## Provided material:

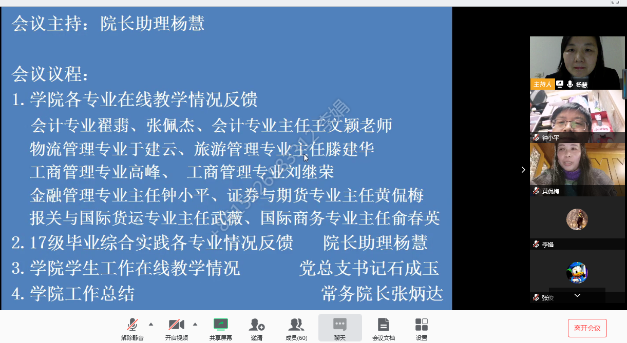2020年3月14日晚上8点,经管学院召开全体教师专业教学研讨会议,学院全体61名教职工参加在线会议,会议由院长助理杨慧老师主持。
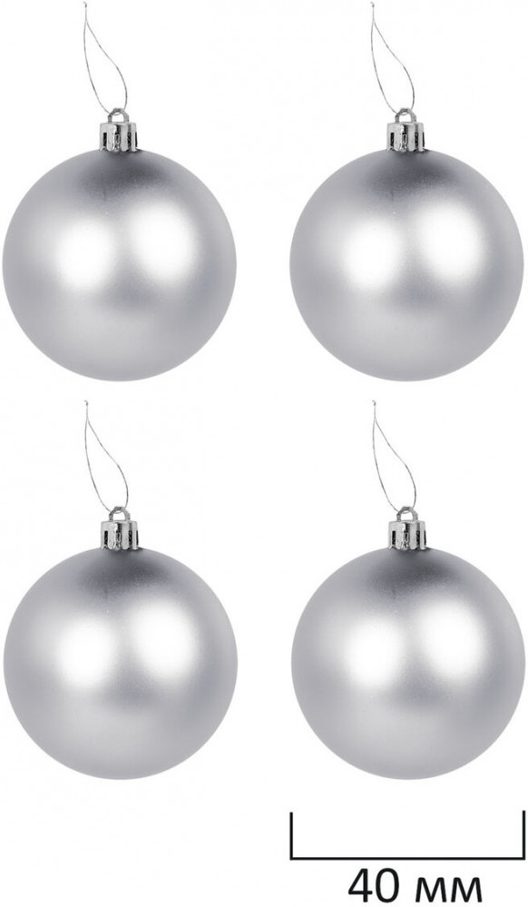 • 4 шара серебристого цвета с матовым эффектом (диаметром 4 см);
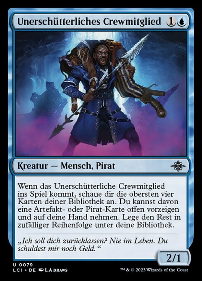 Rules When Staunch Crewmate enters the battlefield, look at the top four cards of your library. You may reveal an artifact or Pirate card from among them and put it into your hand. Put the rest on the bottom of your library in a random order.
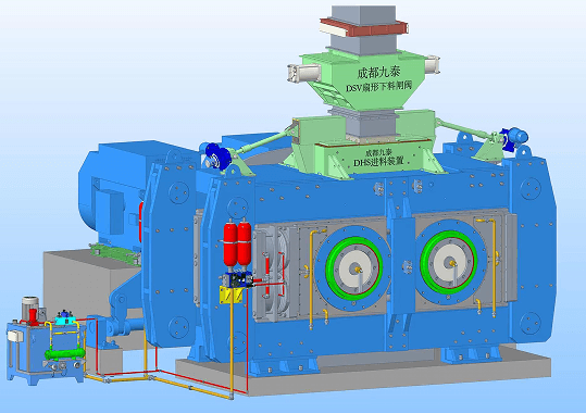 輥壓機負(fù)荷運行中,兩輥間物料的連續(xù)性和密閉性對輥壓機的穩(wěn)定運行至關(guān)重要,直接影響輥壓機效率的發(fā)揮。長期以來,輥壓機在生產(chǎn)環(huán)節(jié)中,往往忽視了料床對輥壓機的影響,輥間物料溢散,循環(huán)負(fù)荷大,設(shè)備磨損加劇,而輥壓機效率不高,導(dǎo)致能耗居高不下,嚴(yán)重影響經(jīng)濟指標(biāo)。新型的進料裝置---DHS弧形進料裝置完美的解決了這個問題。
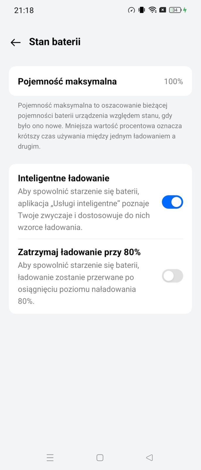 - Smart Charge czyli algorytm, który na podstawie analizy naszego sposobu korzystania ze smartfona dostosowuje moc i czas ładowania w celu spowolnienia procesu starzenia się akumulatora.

## Exercise description:
All entries must be written out again exactly as given, with no pictures in the copy.

## Task response:
2020年3月14日晚上8点,经管学院召开全体教师专业教学研讨会议,学院全体61名教职工参加在线会议,会议由院长助理杨慧老师主持。
 • 4 шара серебристого цвета с матовым эффектом (диаметром 4 см);
 Rules When Staunch Crewmate enters the battlefield, look at the top four cards of your library. You may reveal an artifact or Pirate card from among them and put it into your hand. Put the rest on the bottom of your library in a random order.
 輥壓機負(fù)荷運行中,兩輥間物料的連續(xù)性和密閉性對輥壓機的穩(wěn)定運行至關(guān)重要,直接影響輥壓機效率的發(fā)揮。長期以來,輥壓機在生產(chǎn)環(huán)節(jié)中,往往忽視了料床對輥壓機的影響,輥間物料溢散,循環(huán)負(fù)荷大,設(shè)備磨損加劇,而輥壓機效率不高,導(dǎo)致能耗居高不下,嚴(yán)重影響經(jīng)濟指標(biāo)。新型的進料裝置---DHS弧形進料裝置完美的解決了這個問題。
 - Smart Charge czyli algorytm, który na podstawie analizy naszego sposobu korzystania ze smartfona dostosowuje moc i czas ładowania w celu spowolnienia procesu starzenia się akumulatora.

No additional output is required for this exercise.